The legacies of colonialism and modernism are frequent reference points in Anatsui’s work. During the 1990s, in his wood panel works, Anatsui examined the violent carving up of Africa by Western countries, creating sculptures that feel both mystical and disturbing. One work in the show, Earth-Moon Connexions (1993), has been carved with a chainsaw, burned with a blowtorch, and colored with tempera, and presents both as a board game and a tactical battle plan. Divided and scarred like scorched earth, the gridded work includes local scripts that appear at its margins, far from its disturbed center. Likewise, there is Invitation to History (1998), which is both mournful and optimistic: bright colors peek through the overlaid grid, which is written over in the deeper grooves of West African languages.

El Anatsui, Stressed World, 2011, aluminum and copper wire.

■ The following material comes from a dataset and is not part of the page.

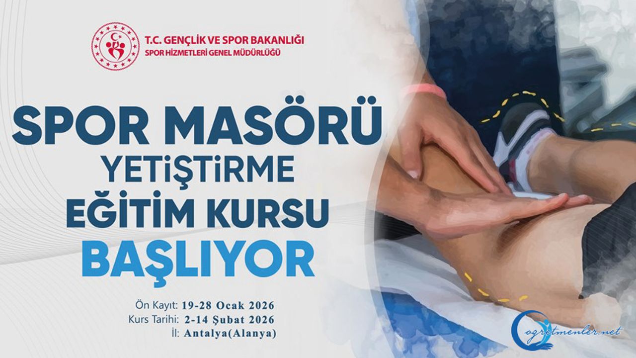 Antalya/Alanya' da düzenlenecek olan Spor Masörü Yetiştirme Eğitim Kursu, 2-14 Şubat 2026 tarihleri arasında Alanya Alaaddin Keykubat Üniversitesi Spor Bilimleri Fakültesinde yapılacaktır.

COURTESY THE ARTIST AND JACK SHAINMAN GALLERY, NEW YORK

Anatsui’s most famous pieces—vast, shimmering works crafted from bottlecaps that the artist has been making since 2000—likewise render the effects of violent histories in abstract terms. The materials used in these works foreground the Triangle Trade, through which goods were exchanged, often by force, between Europe, Africa and the Americas during the time of slavery. Rum from the West Indies was brought to Europe and sold in Africa, and peoples living on the continent were sold in the West Indies, so that sugar cane could be harvested and rum could be produced. These bright, aluminum tapestries resemble oceans, or continents or countries studded with metropoles. Often, as with Man’s Cloth (2001), its title a reference to Ghanaian Kente fabric, Anatsui’s works read as armor, with elements suggesting the regimented colors of national flags and military service ribbons. Ragged at the edges, works like Man’s Cloth are meditations on masculinity, tribalism, and conflict, and their impacts across cultures and time.

El Anatsui, Logoligi Logarithm, 2019, installation view at Haus der Kunst, Munich.

MAXIMILIAN GEUTER

The significance of the materials chosen for Anatsui’s beautiful sculptures are illuminated by viscerally poetic titles. For Strips of Earth’s Skin (2008), Anatsui strung elements together such that they look like ammo belts, and worked bottle caps hang in ragged strips as if peeled from bodies, exposing the ecocide and genocide driven by the extraction of precious resources.

The amount of labor put into making these works is palpable, particularly in Logoligi Logarithm (2019), a maze of 65 screens suspended from different heights. Made from ring seals, the installation evokes the sails of a ship, camouflage nets, and the wings of a theatre all at once. It effortlessly conveys the allure of colonial adventure, the violence it wrought, and the illusions that sustained it. Extraordinarily, therefore, moving through it feels like being wrapped in an embrace and a calling down of ancestors. The title references a poem by Atukwei Okai—a friend of Anatsui who died last year—dedicated to the son of a friend who died young. The poem invokes heroes of independence movements in Ghana and elsewhere, as well as Frantz Fanon, Bob Dylan, and Fyodor Dostoevsky.

The focus on Anatsui’s vested interest in languages, belief systems, and styles independent of the Western canon is a triumph of this exhibition, given that the discourse surrounding the artist’s work so often fixates on the scale, formal skill and references to global consumerism in Anatsui’s art—aspects more palatable to European and American audiences. It is a fitting send-off for Enwezor, who spent a career spotlighting non-Western creators on their own terms and shaping a truly global contemporary art discourse. The question now becomes: Will Enwezor’s legacy at the Haus der Kunst be allowed to continue?